DE102018109337A1 - Method for producing a TCO layer and article with a TCO coating - Google Patents

Abstract

A transparent, electrically conductive oxide coating (TCO coating), in particular indium tin oxide coating (ITO coating), is applied to a substrate, for example a metal or glass article, as follows:
A flat, transparent, flexible or rigid carrier object (4) is provided,
- On the support object (4), a metallic absorption layer (5), in particular tin layer, and a TCO layer (6) is applied in the PVD method,
the carrier object (4) is placed on a substrate (7),
- Material of the TCO layer (6) is transferred by laser irradiation from the carrier object (4) on the substrate (7).

Description

The invention relates to a method for producing a TCO layer, that is to say a transparent, electrically conductive layer, in particular an indium tin oxide layer (ITO layer), on a substrate. Furthermore, the invention relates to an article with a TCO coating, in particular an ITO coating.

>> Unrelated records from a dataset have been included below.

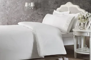 Rozmiar: -poszewka na kołdrę 200x220 -prześcieradło 240x260 -poszewki na poduszki 4szt. 50x70 GUIPURE SATIN 210TC Â Ekskluzywne komplety pościeli z satyny ba...
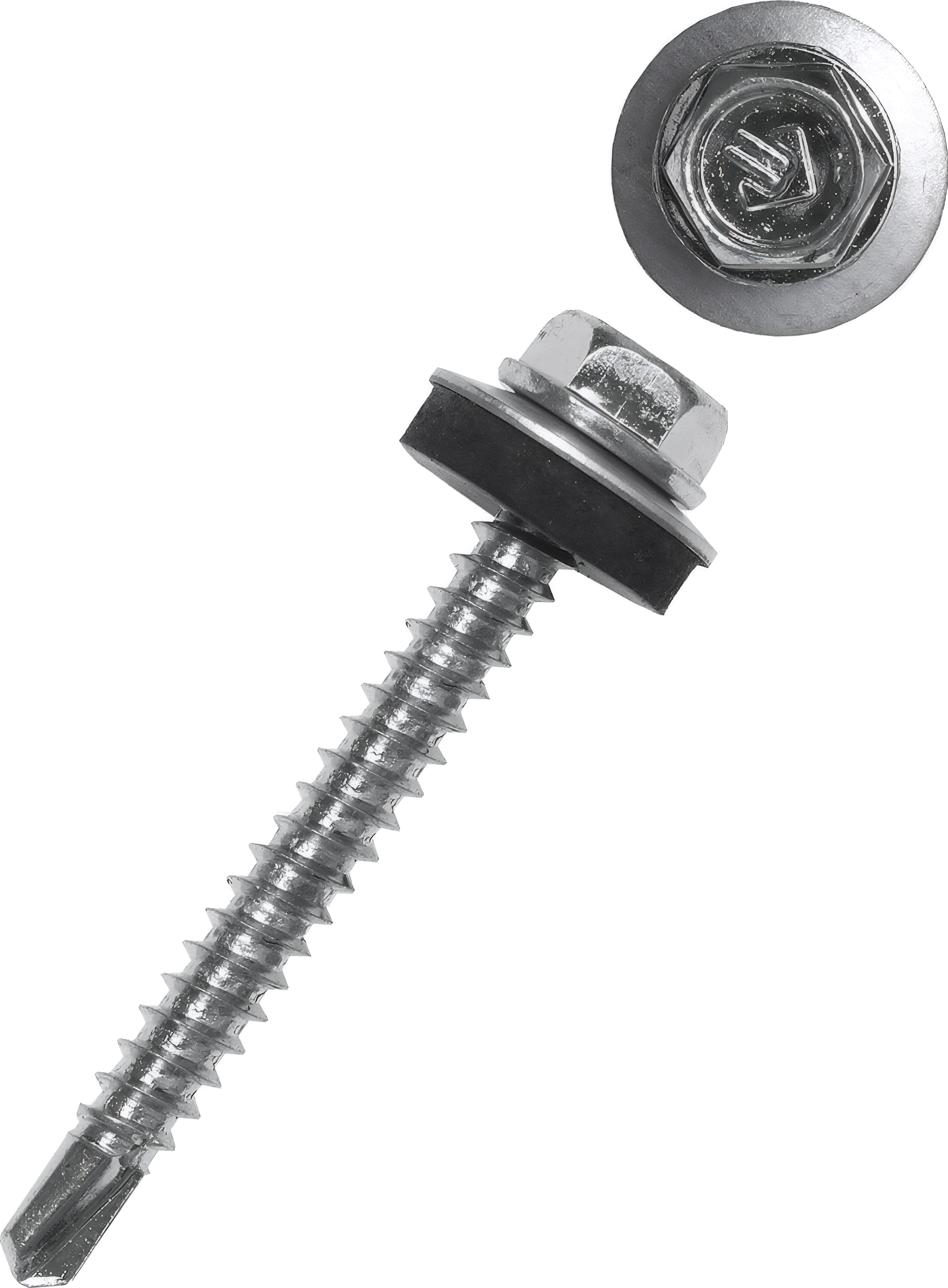 Кровельные саморезы изготовлены из стального прутка с высоким содержанием углерода. Контроль за геометрией самореза начинается с калибровки прутка и заканчивается тщательной проверкой размеров готового изделия. Нормативная твердость стали достигается термической обработкой. Поверхностная твердость мин. 560HV, твердость в сердцевине 240-425HV. Шайба с прокладкой EPDM плотно прижимается к кровельному материалу, герметизируя просверленное отверстие. Шестигранная головка выдерживает большой крутящий момент и значительно облегчает вкручивание самореза. Геометрические размеры: диаметр шайбы (Dw) - 13.90-14.15мм, толщина прокладки (Ar) - 2мм, Размер под ключ (S) - 7.8-7.9мм, диаметр резьбы (D) - 4.75-4.95мм, диаметр сверла (dp) - 2.8-2.9мм, длина сверла (ds) - 4.0-4.8мм, шаг резьбы (Pi) - 2.12мм.
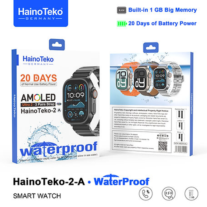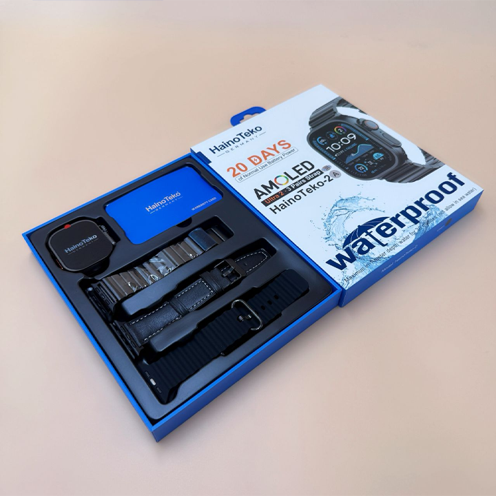 Heino Teco Germany HainoTeko-2 Smart Watch, 3 Strap (Stainless Steel + Leather + Silicone) HD AMOLED Design: The Haino Teko Watch HainoTeko-2 comes with a high-definition round design The screen is covered with AMOLED curved glass Includes 3 different straps to suit all occasions. Features: A curved AMOLED screen provides an amazing and clear visual experience. Continuous heart rate monitoring. Tracking physical activity, calories and distance traveled. Multi-sport mode (such as running, walking, jogging and more). Bluetooth feature to connect to a mobile phone. The package includes an application that can be downloaded using a QR code. Powerful battery.
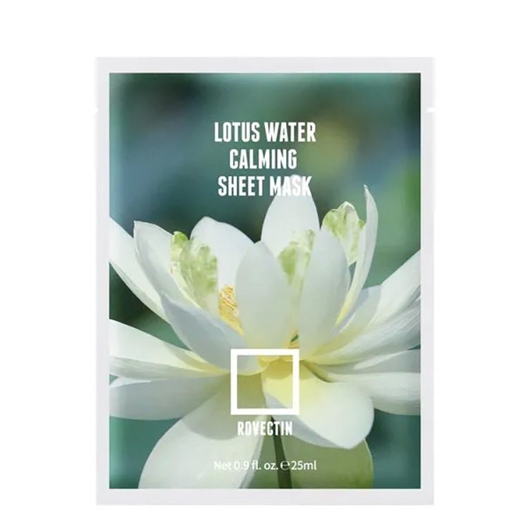 Rovectin Clean Lotus Water Calming Sheet Mask is a hydrating sheet mask helps calm and soothe irritated and sensitive skin with 52% Jeju Island Lotus Flower Extract.
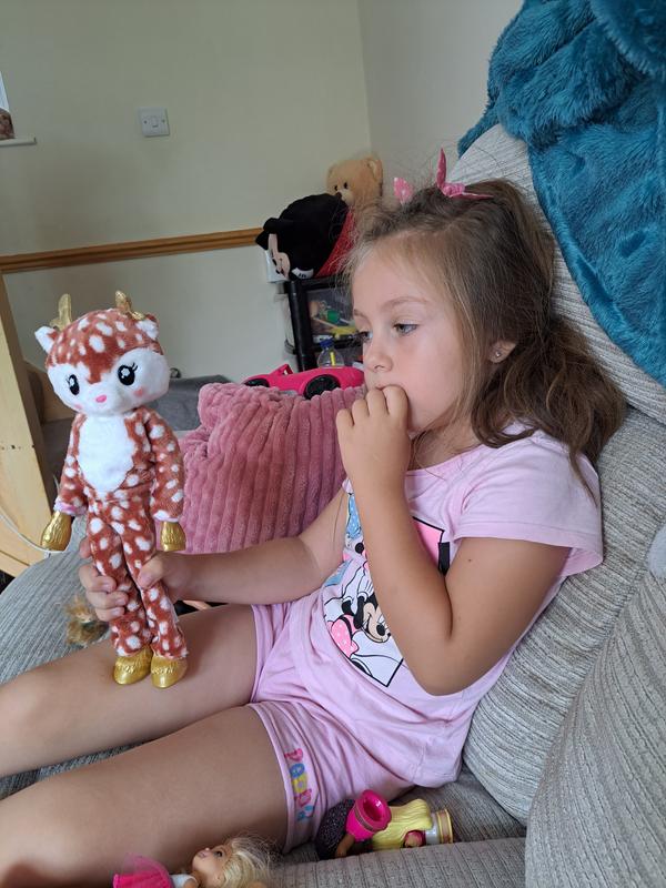 My daughter absolutely loved this doll and accessories! The little deers eyes came open and we did the color change to close them and now they won't change back to open. The doll had makeup and we did the color change and she also won't change back with the pink eyemakeup or lipstick. My daughter went from happy to sad quickly!
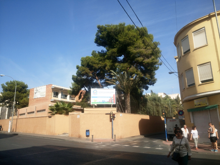 Трехметровый забор колледжа и сверху сетка.. Когда я впервые приехала в Испанию, то путала местные колледжи с тюрьмой))) Зато дети под защитой.
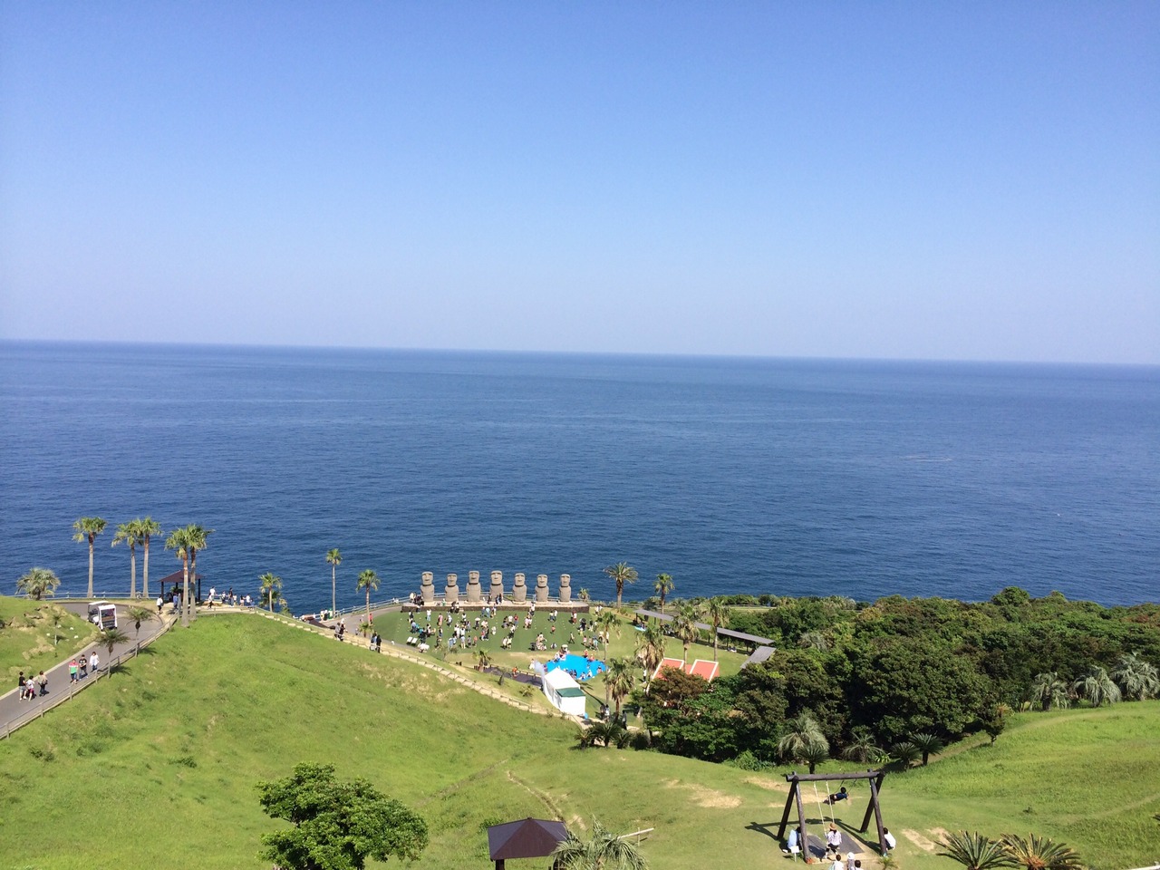 記念写真を撮ったあと、園内を散歩。太陽の丘からの景色は絶景です。海と空だけのシンプル構造、ほんといいです。

A method for producing an optically scattering TCO layer on a substrate is, for example, from DE 10 2011 005 757 B3 known. The TCO layer should be structurable by etching.

Transparent Conductive Oxide (TCO) layers are electrically conductive coatings with low absorption of visible light electromagnetic waves. Examples of transparent conductive oxides are Indium Tin Oxide (ITO), Floortine Oxide (FTO), Aluminum Zinc Oxide (AZO) and Antimony Tin Oxide (ATO).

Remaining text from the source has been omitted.